Task to carry out
Below are entries with pictures among them; reproduce exactly, and only, the lines from the one containing "Viết chữ nho" down to the one containing "Dies ist eine", without the pictures.

Excerpted data
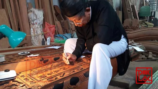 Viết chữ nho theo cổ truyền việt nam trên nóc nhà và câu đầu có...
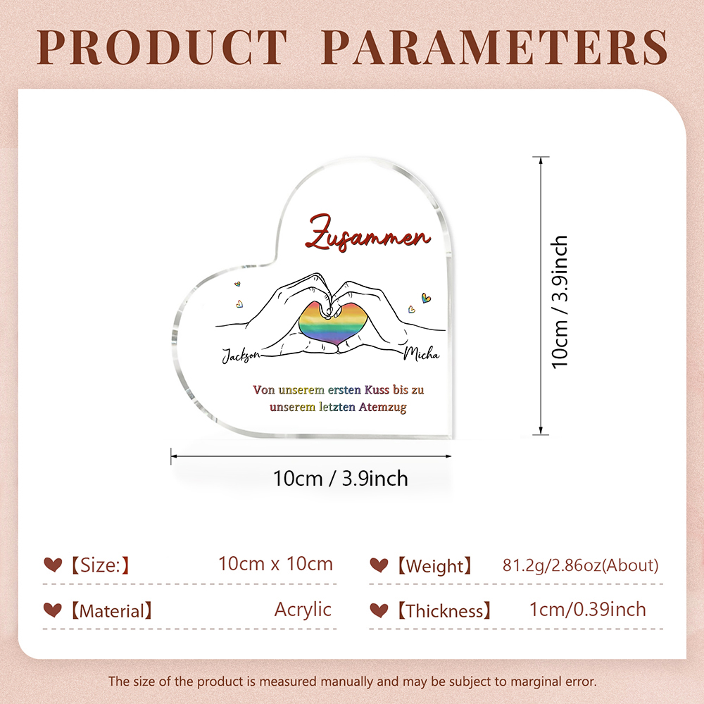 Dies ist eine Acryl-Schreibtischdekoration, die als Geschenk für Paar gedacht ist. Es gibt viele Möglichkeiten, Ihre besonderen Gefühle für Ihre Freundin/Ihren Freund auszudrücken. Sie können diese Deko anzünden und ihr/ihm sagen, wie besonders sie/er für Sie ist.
==
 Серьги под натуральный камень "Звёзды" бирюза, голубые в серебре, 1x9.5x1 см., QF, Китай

Exercise solution
 Viết chữ nho theo cổ truyền việt nam trên nóc nhà và câu đầu có...
 Dies ist eine Acryl-Schreibtischdekoration, die als Geschenk für Paar gedacht ist. Es gibt viele Möglichkeiten, Ihre besonderen Gefühle für Ihre Freundin/Ihren Freund auszudrücken. Sie können diese Deko anzünden und ihr/ihm sagen, wie besonders sie/er für Sie ist.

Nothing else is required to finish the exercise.